WESTERN Australia is facing a $500 million bill to upgrade its ageing electricity transmission infrastructure or face increasing problems in rural areas.
Opposition Leader Colin Barnett told WA Business News he received advice from Western Power in 2000 that the $500 million needed to be spent over five years starting from 2001.
That money was not being spent, according to Mr Barnett.
“What this Government is doing is maintenance. The real problem is in the transmission infrastructure. It needs to be upgraded,” he said.
WA’s new Energy Safety Directorate director Albert Koenig released a report in June on consumer complaints about the reliability of electricity supply on the SWIS (South West Interconnected System).
In that report he identified that the most significant complaints were from Toodyay (59), Bremer Bay (38) and Koorda (22).

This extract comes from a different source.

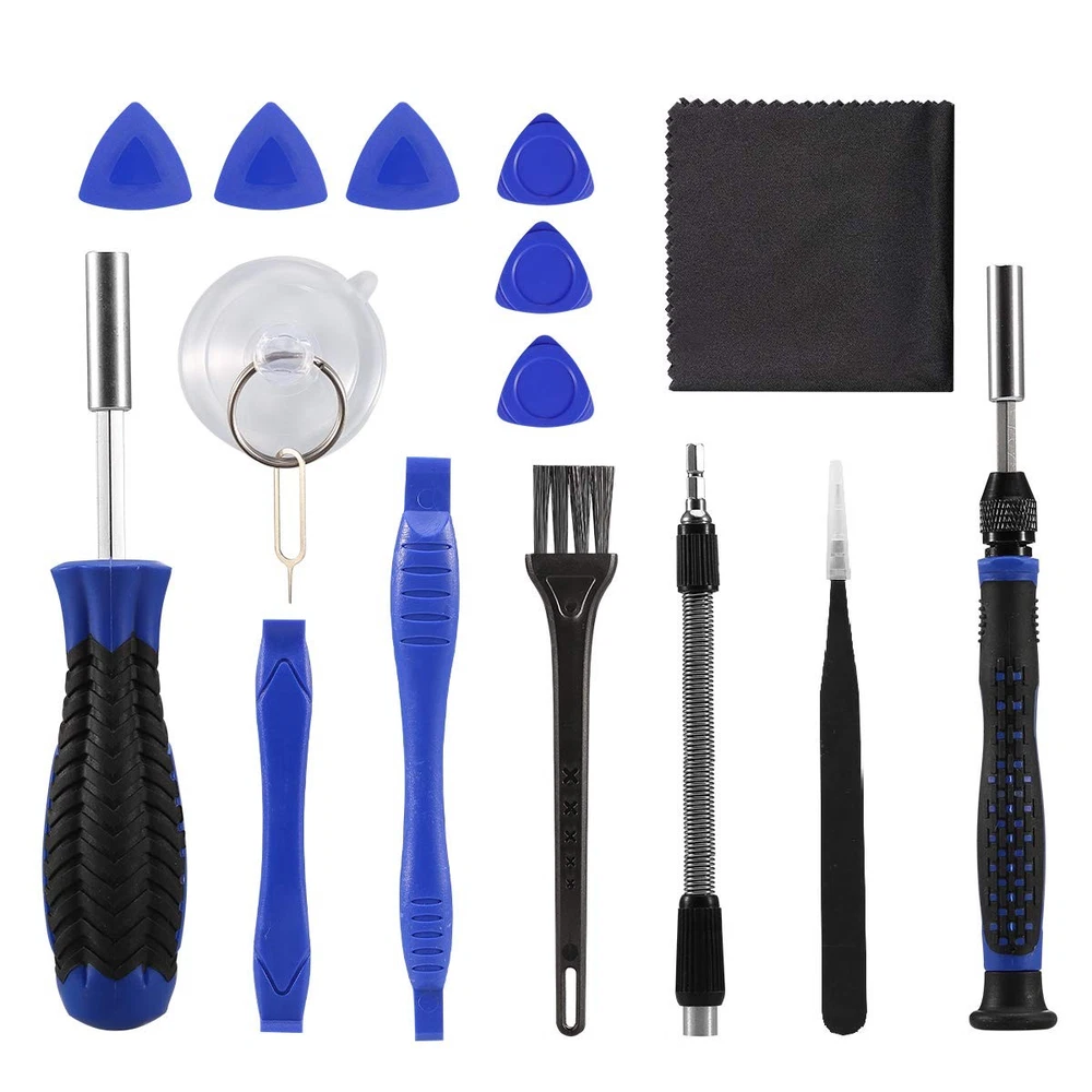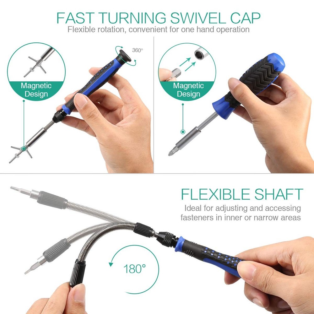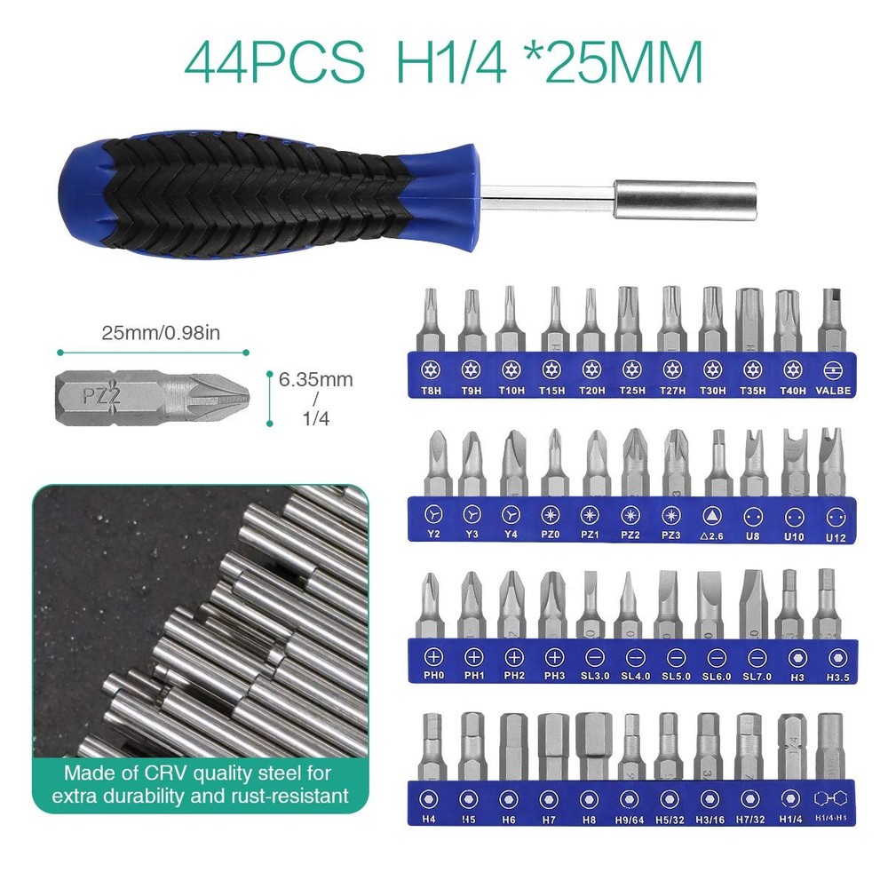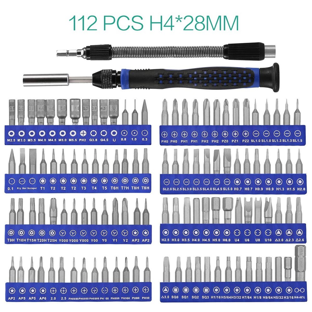 Package Contents: 156 x Precision screwdriver bits 1 x 4mm bit handle body 1 x Electric handle 1 x Transparent suction cups 1 x Black plastic soft rod 1 x Short crowbars(80mm) 1 x Long crowbars(120mm) 1 x Card removal pin 1 x Brush with black plastic handle 1 x Tweezers 6 x Blue triangles 1 x Cleaning cloth 156 PCS Screwdriver Bits: 172-in-1 screwdriver set with 112 PCS 4mm bits, 44 PCS 6.35mm electric bits, covering all commonly used bits. With Phillips, pentalobe, torx, hex, slotted, triangle, square and other sizes, which can meet the needs of most maintenance tools in daily life. Potable Storage Bag: The screwdriver tool is packed in a well-organized storage bag that can be carried easily. More Flexible Extension Rod: There is an adjustable extension rod and a flexible shaft for some electronics where the screws are not on the surface. Wide Applications: This screwdriver set is equipped with 156 precision screwdriver bits and 16 repair parts for repairing most smartphones, laptops, toys, glasses, computers, watches, electronic digital products, etc. Package Contents: 156 x Precision screwdriver bits 2x handle 1 x Transparent suction cups 1 x Black plastic soft rod 1 x Short crowbars(80mm) 1 x Long crowbars(120mm) 1 x Card removal pin 1 x Brush with black plastic handle 1 x Tweezers 6 x Blue triangles 1 x Cleaning cloth.

The most common complaint was failure of electricity supply on a regular basis.
A lot of those problems stem from the fact that the electricity demands in those communities have gone beyond the means of infrastructure, which was installed in the 1960s to cope with 1960s demands.
While the Government agrees there is a problem, it disagrees with the cost.

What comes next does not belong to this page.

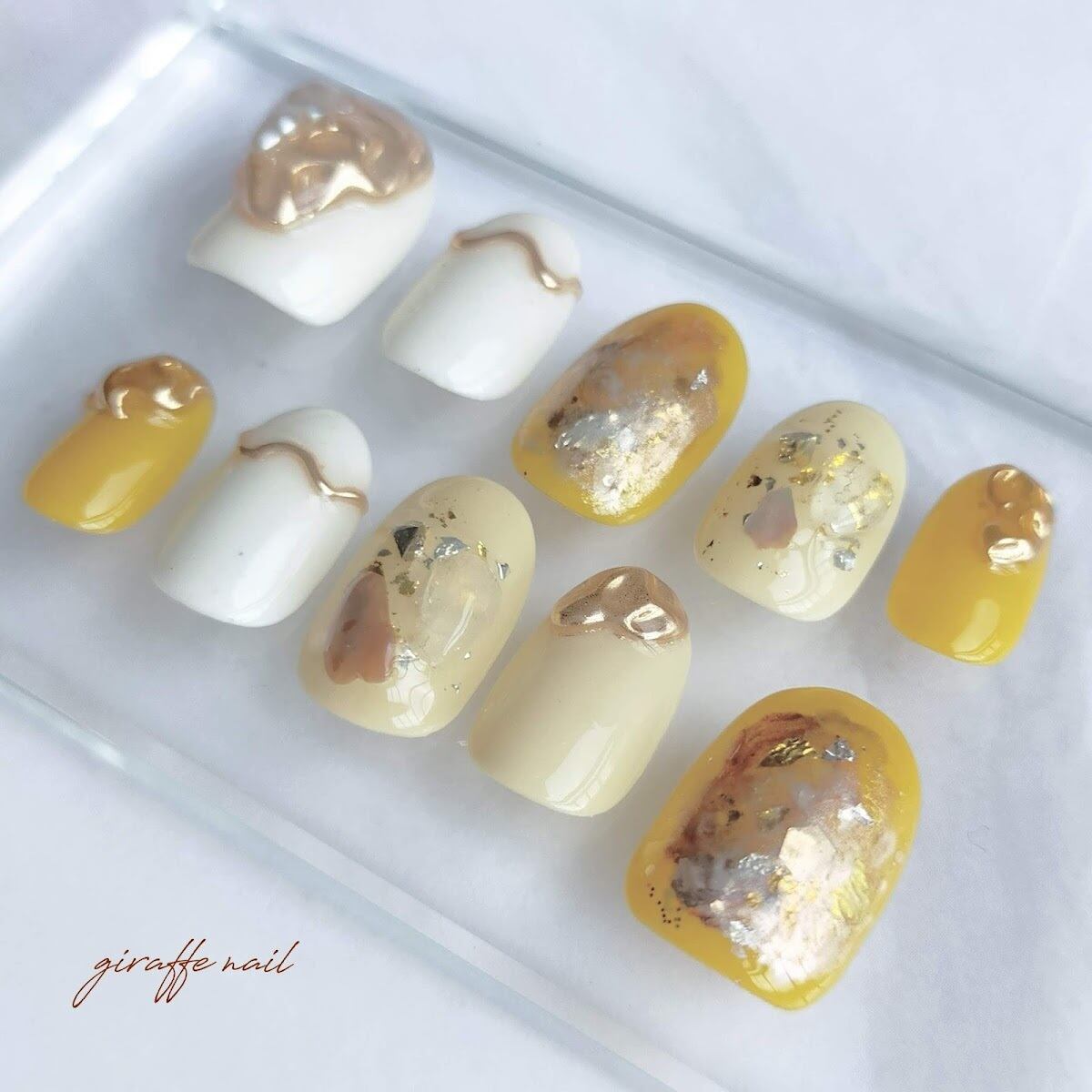 淡いくすみイエローをベースに、ゴールドで華やかさもあるニュアンスデザインにしました!

A spokesman for Energy Minister Eric Ripper said the $500 million claim was “a nonsense”.
However, he admitted that the actual cost of upgrading WA’s electricity infrastructure had not been quantified.
Electricity industry figures say a “substantial” amount is needed.
Mr Ripper’s spokesman said the Government had trebled its spending on line maintenance on the SWIS to $29.4 million this year and $18.6 million on distribution and capital works.
“That’s compared with the $11.6 million in the last year of the Coalition Government,” he said.